This study is the first time repeat controlled human infection models (reSm-CHI) have been used to understand immune responses in schistosomiasis. Use of reSm-CHI has significant advantages over prior murine models as well as cross sectional endemic studies. Specifically, immunological insights can be understood in the context of infectious dose, timing, and exposure history of the participant.

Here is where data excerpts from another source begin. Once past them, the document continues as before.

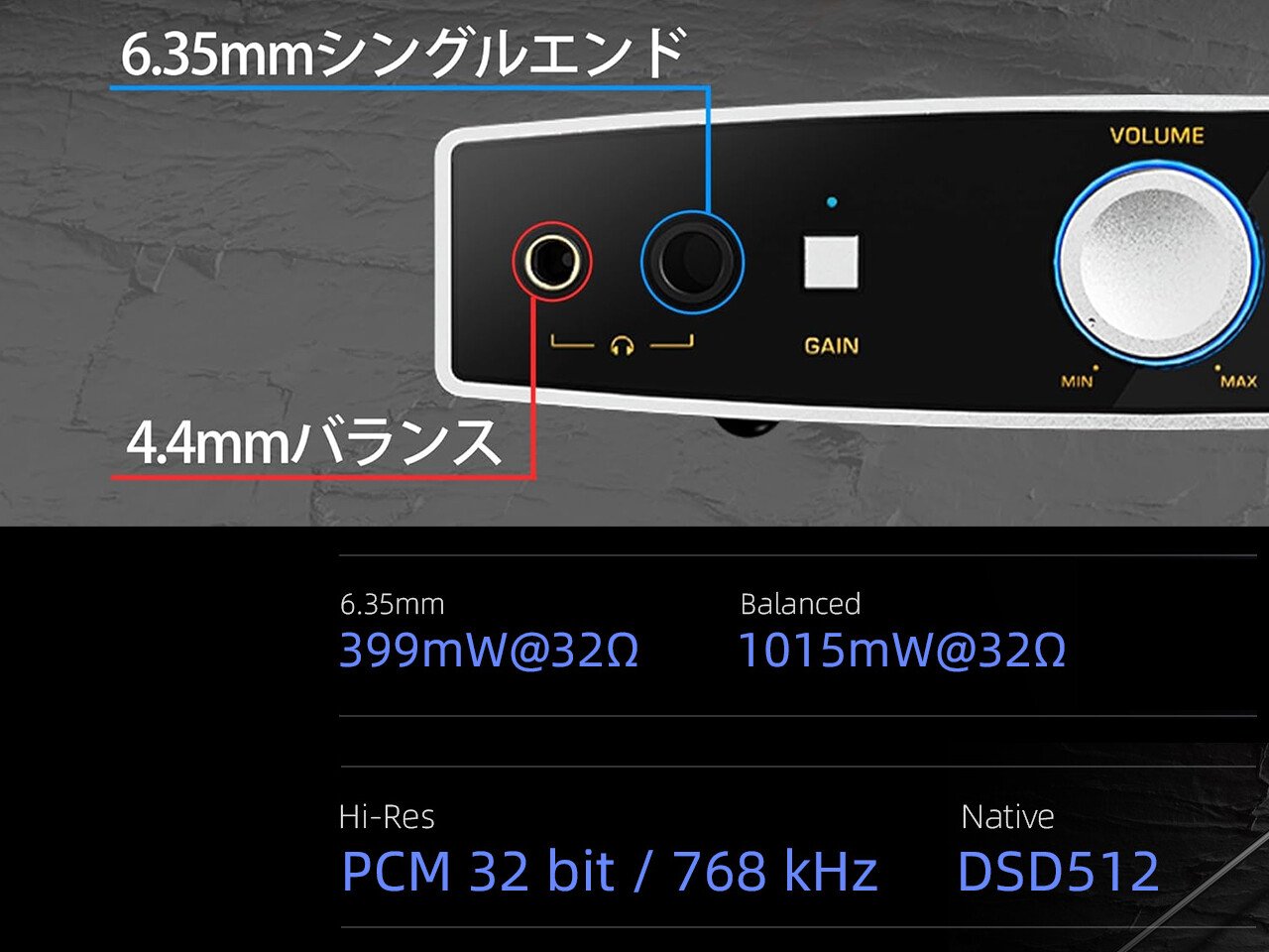 ヘッドホン出力には6.35mmシングルエンドと4.4mmバランス出力を備え、シングルエンドで最大399mW@32Ω(DC接続時)、バランスで最大1015mW@32Ω(DC接続時)の高出力が可能です。
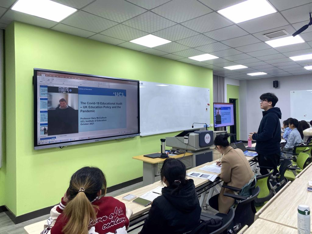 11月29日晚7点,我校“芙蓉学者”讲座教授、英国社会科学院院士、英国教育权威刊物《BritishJournalofEducationstudies主编、伦敦大学教育学院人文与社会科学系主任GaryMcCulloch教授应邀通过ZOOM线上会议作题为“新冠肺炎教育审计:英国教育政策与疫情的学术讲座。我校教育学院黄蓝紫老师、外国语学院王佳娣老师(翻译),以及部分师生参加了此次线上讲座。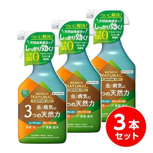 【在庫有・即納】KINCHO園芸 殺虫殺菌剤 ベニカナチュラルスプレー 1000ml×3本セット 天然成分 虫 病気 アブラムシ ケムシ うどんこ病

Using this model we have been able to greatly extend our understanding of antibody and cellular/cytokine responses in schistosomiasis. Specifically, production and probing of an innovative protein/glycan schistosome microarray has revealed the dynamics of IgG and IgM antibody responses. Responses to glycan antigens were robust and IgM dominated, whilst proteins had reduced reactivity and provoked mainly IgG responses. Only a few proteins showed reactivity prior to praziquantel treatment, showing the importance of worm killing and antigen release in exposing worm antigens. Our identification of immunogenic proteins using this array is currently being used to guide vaccine antigen choice. Additionally the microarray produced will be used in further projects with international collaborators, furthering the impact of this work.
We were able to show that worm antigen-specific T cells develop during schistosome infection, plateauing during the second infection/treatment cycle. These responses were diverse, encompassing a broad range of Th2/Th1 and regulatory associated cytokinesand similar in magnitude to those observed in endemic infection. Responses to cercarial antigen were minimal in reSm-CHI participants, with lack of recognition of this infectious stage perhaps contributing to the lack of immune protection observed. An unexpected impact of our project was further insight into schistosomiasis morbidity. Acute schistosomiasis morbidity is observed in non-endemic individuals, but rarely in endemic individuals. In our study we observed a reduction in acute schsitosomiasis symptoms after multiple rounds of reSm-CHI. By studying cytokine responses we were able to provide a potential mechanism for this, observing that the pro-inflammatory serum cytokines associated with acute schistosomiasis were seen to a lesser extent after reSm-CHI.
In the final part of the project we were able to perform the first systematic review of pre-clinical schistosome vaccine experiments. This manuscript used a data-driven approach to provide guidance on suggested parameters for vaccine models and assessing the current state of the field.